To do
Could you return each entry below exactly as written, minus any pictures?

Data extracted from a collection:
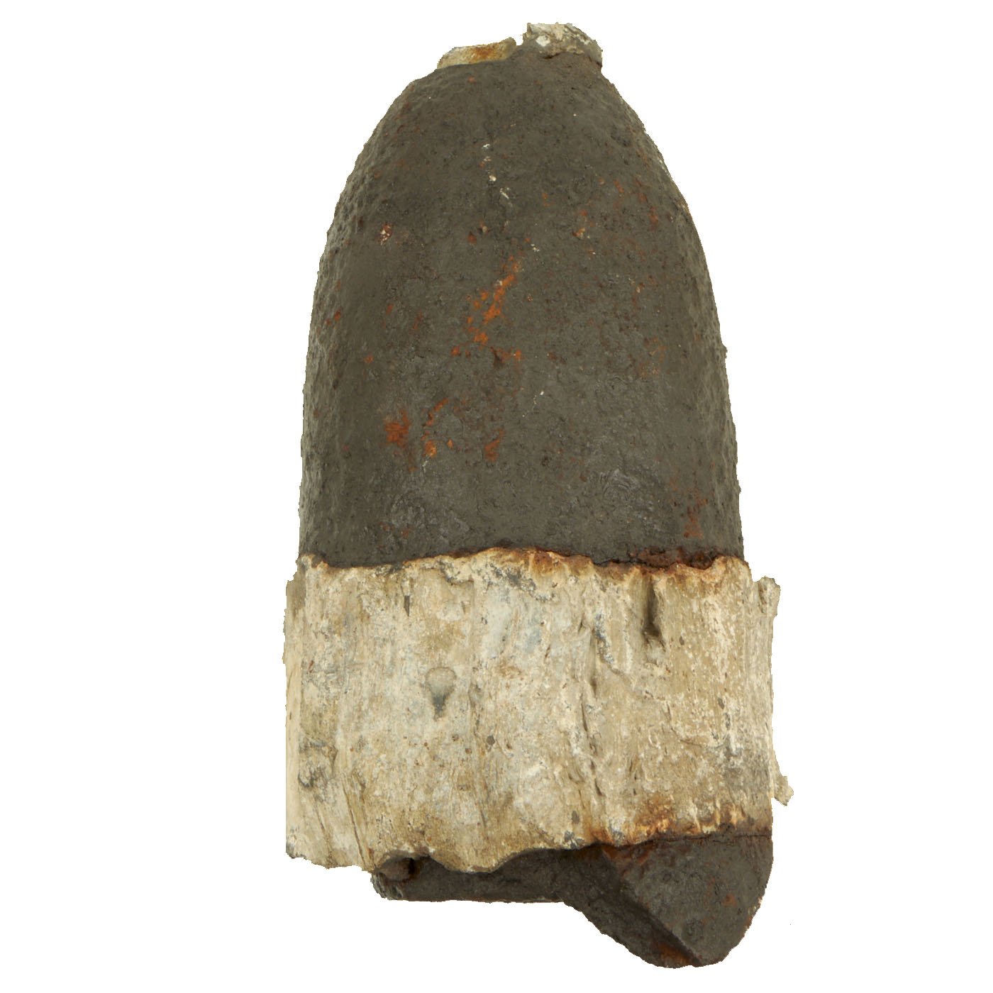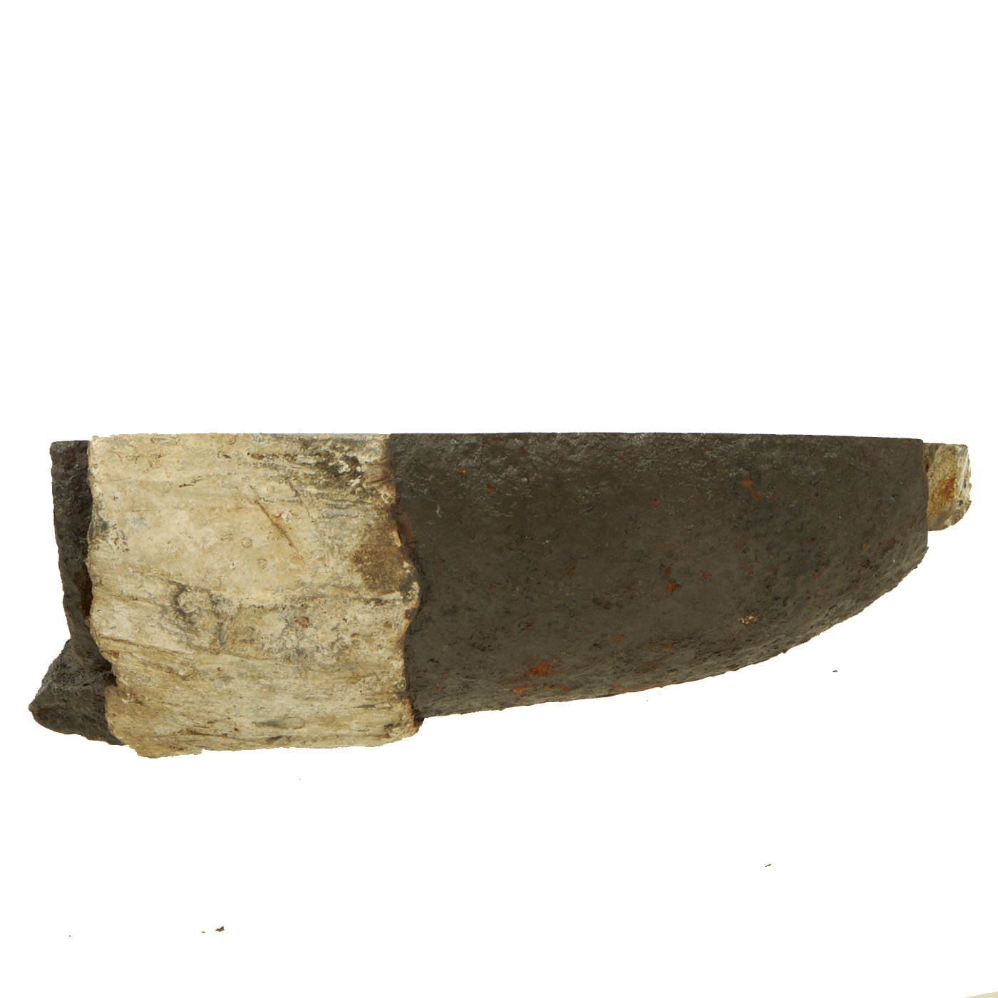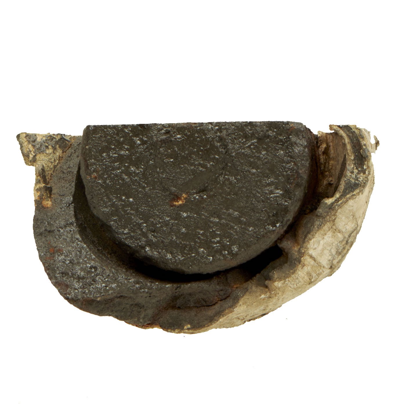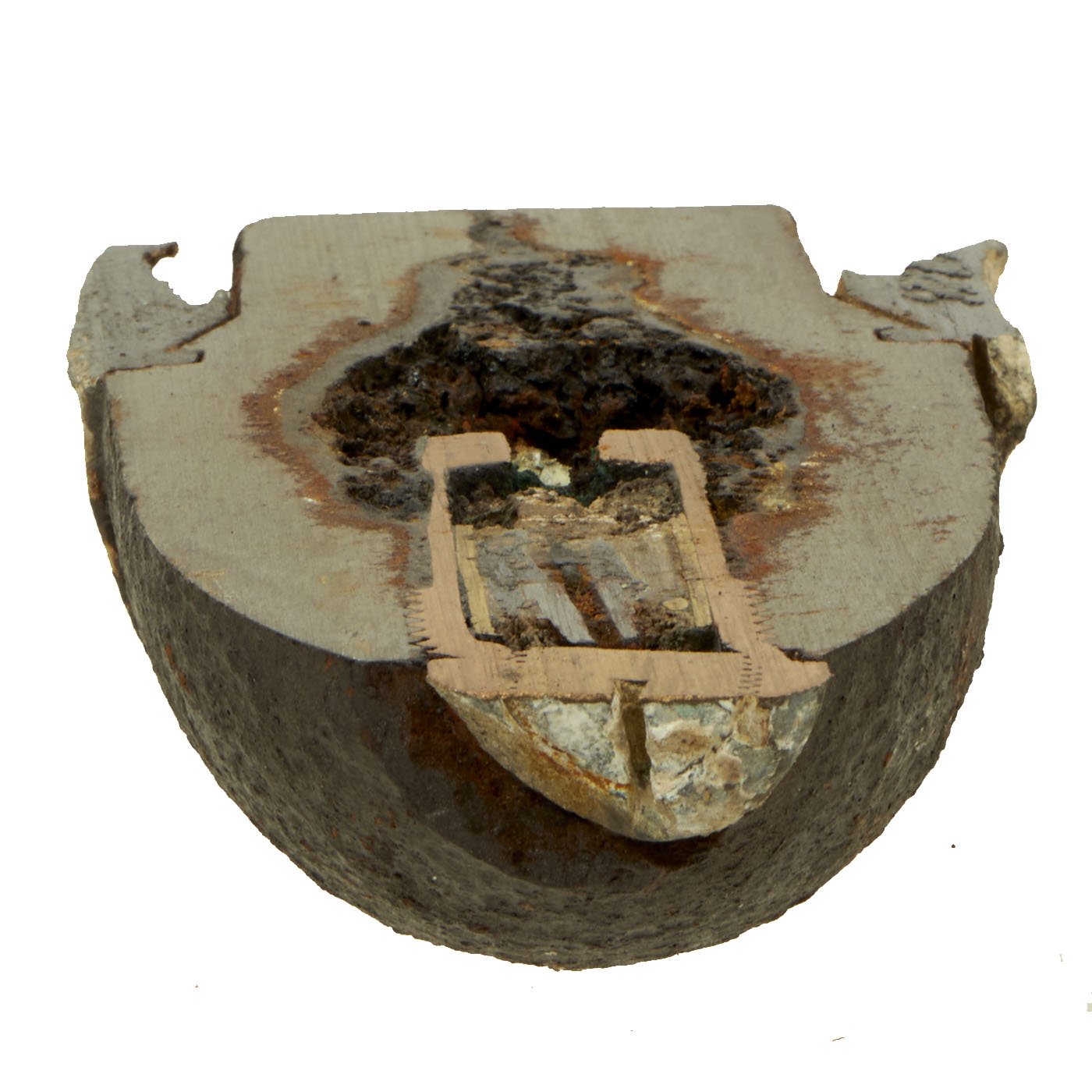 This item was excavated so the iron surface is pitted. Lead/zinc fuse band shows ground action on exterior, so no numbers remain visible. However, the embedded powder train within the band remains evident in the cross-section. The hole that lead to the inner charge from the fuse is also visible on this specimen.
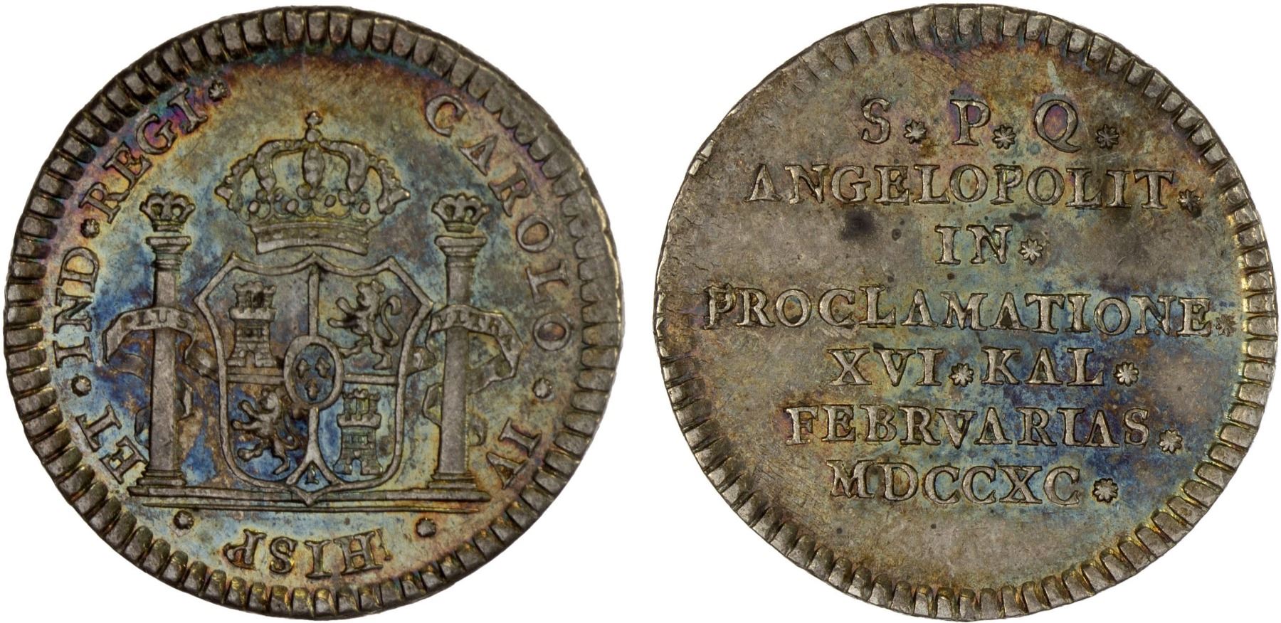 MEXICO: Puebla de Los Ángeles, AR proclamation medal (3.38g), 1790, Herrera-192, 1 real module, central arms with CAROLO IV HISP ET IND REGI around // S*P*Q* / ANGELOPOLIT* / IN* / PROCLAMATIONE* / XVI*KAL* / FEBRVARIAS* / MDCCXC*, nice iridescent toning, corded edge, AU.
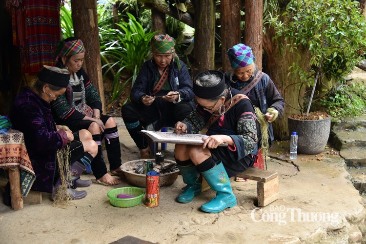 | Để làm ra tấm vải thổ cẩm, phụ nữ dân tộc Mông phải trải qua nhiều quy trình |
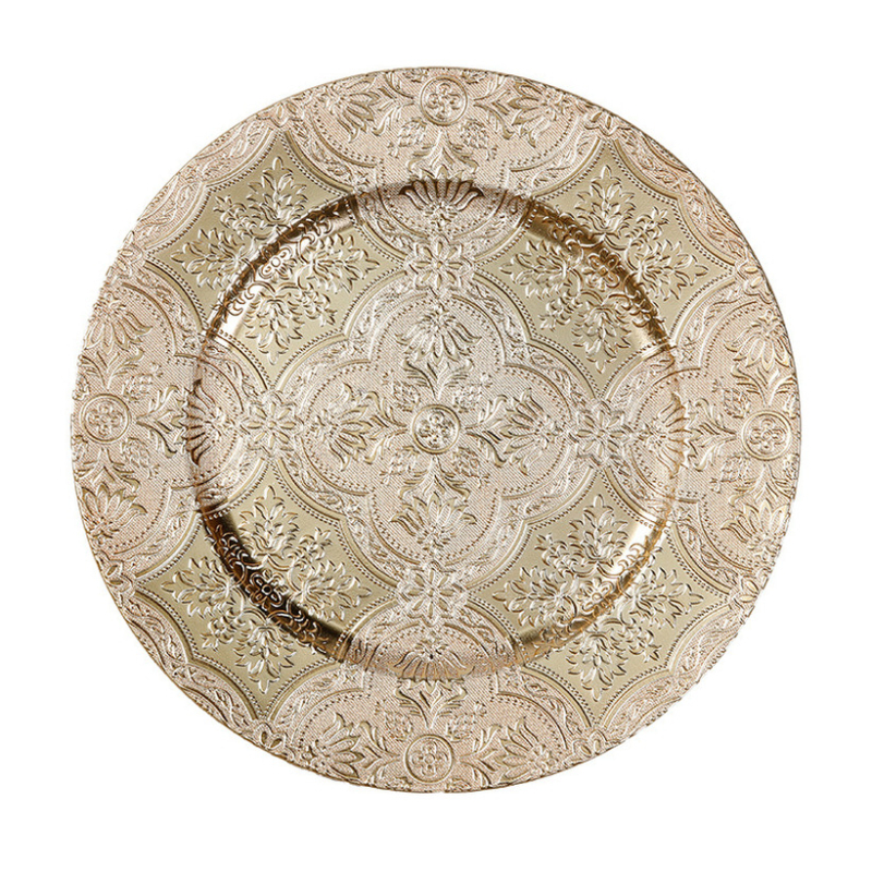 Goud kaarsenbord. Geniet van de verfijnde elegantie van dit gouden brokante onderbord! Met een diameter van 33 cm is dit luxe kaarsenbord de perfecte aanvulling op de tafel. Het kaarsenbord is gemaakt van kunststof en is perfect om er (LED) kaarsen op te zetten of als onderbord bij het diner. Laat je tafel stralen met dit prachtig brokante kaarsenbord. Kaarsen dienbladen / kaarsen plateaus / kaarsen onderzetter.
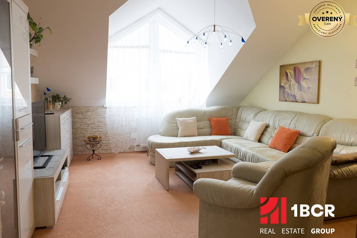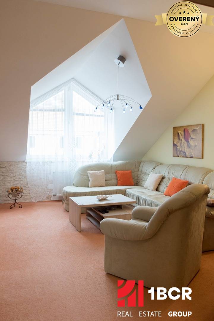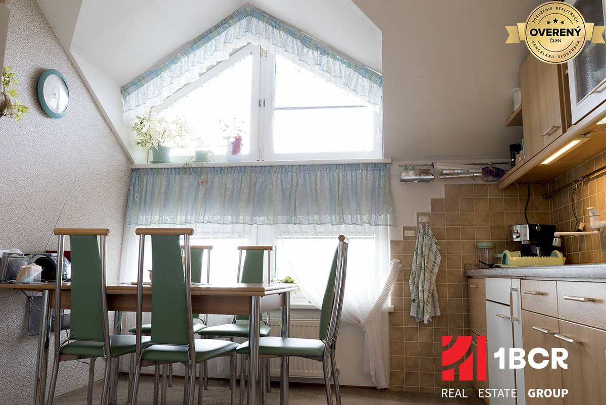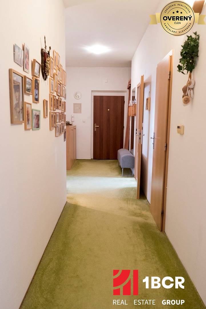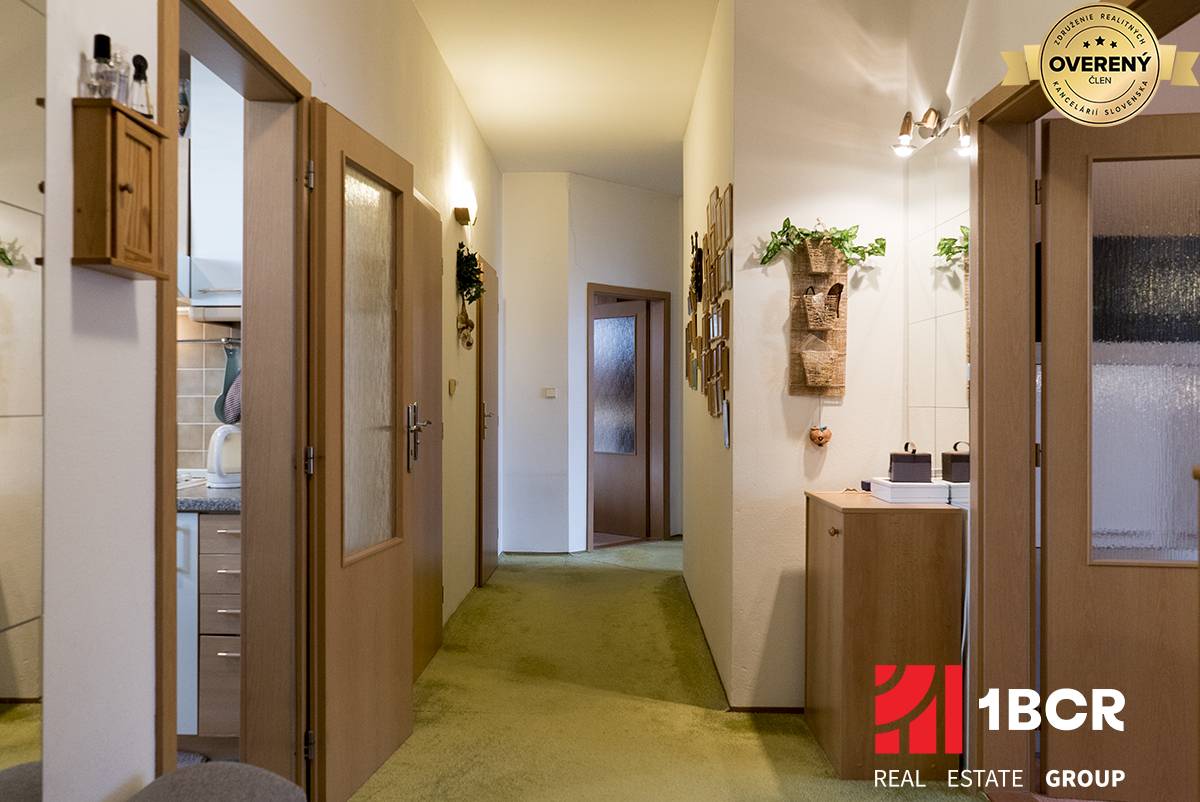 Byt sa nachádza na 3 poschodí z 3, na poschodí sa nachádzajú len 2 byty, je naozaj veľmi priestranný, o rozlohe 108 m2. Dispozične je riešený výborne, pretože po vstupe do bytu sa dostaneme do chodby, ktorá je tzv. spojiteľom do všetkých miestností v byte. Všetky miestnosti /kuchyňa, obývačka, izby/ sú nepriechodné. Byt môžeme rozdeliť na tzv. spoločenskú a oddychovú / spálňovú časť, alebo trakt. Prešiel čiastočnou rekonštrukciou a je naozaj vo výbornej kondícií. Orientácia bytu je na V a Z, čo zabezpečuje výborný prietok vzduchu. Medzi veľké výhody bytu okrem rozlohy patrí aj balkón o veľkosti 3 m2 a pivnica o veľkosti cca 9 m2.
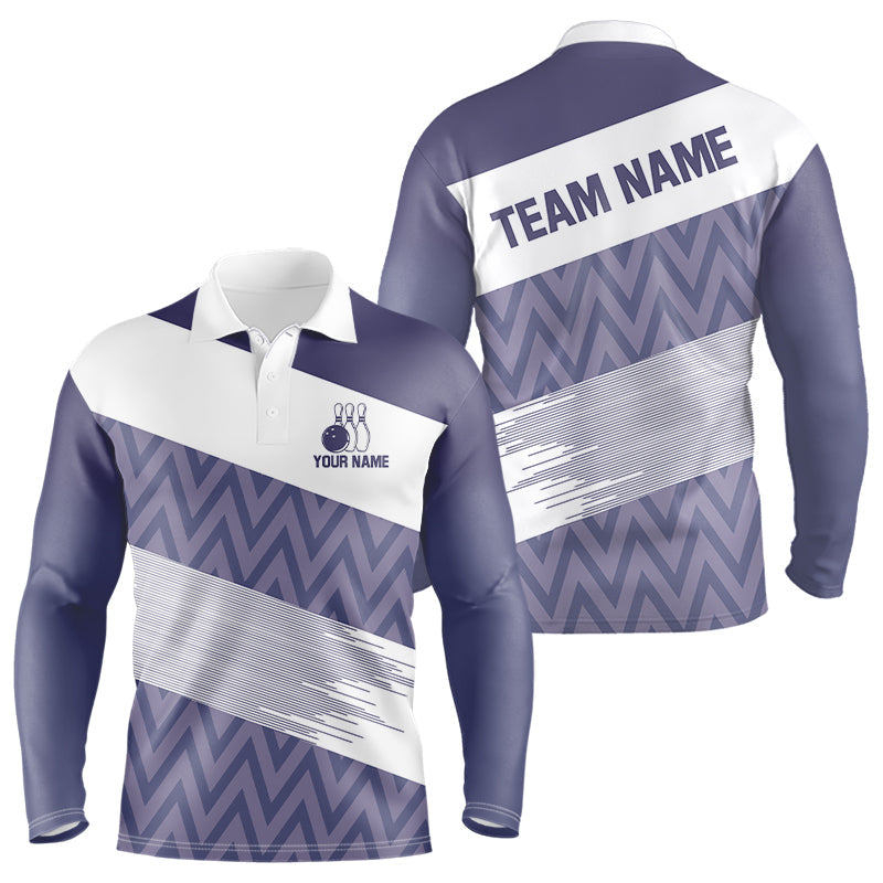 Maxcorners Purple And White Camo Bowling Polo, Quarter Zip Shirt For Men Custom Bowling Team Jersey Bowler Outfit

Exercise answer
 This item was excavated so the iron surface is pitted. Lead/zinc fuse band shows ground action on exterior, so no numbers remain visible. However, the embedded powder train within the band remains evident in the cross-section. The hole that lead to the inner charge from the fuse is also visible on this specimen.
 MEXICO: Puebla de Los Ángeles, AR proclamation medal (3.38g), 1790, Herrera-192, 1 real module, central arms with CAROLO IV HISP ET IND REGI around // S*P*Q* / ANGELOPOLIT* / IN* / PROCLAMATIONE* / XVI*KAL* / FEBRVARIAS* / MDCCXC*, nice iridescent toning, corded edge, AU.
 | Để làm ra tấm vải thổ cẩm, phụ nữ dân tộc Mông phải trải qua nhiều quy trình |
 Goud kaarsenbord. Geniet van de verfijnde elegantie van dit gouden brokante onderbord! Met een diameter van 33 cm is dit luxe kaarsenbord de perfecte aanvulling op de tafel. Het kaarsenbord is gemaakt van kunststof en is perfect om er (LED) kaarsen op te zetten of als onderbord bij het diner. Laat je tafel stralen met dit prachtig brokante kaarsenbord. Kaarsen dienbladen / kaarsen plateaus / kaarsen onderzetter.
 Byt sa nachádza na 3 poschodí z 3, na poschodí sa nachádzajú len 2 byty, je naozaj veľmi priestranný, o rozlohe 108 m2. Dispozične je riešený výborne, pretože po vstupe do bytu sa dostaneme do chodby, ktorá je tzv. spojiteľom do všetkých miestností v byte. Všetky miestnosti /kuchyňa, obývačka, izby/ sú nepriechodné. Byt môžeme rozdeliť na tzv. spoločenskú a oddychovú / spálňovú časť, alebo trakt. Prešiel čiastočnou rekonštrukciou a je naozaj vo výbornej kondícií. Orientácia bytu je na V a Z, čo zabezpečuje výborný prietok vzduchu. Medzi veľké výhody bytu okrem rozlohy patrí aj balkón o veľkosti 3 m2 a pivnica o veľkosti cca 9 m2.
 Maxcorners Purple And White Camo Bowling Polo, Quarter Zip Shirt For Men Custom Bowling Team Jersey Bowler Outfit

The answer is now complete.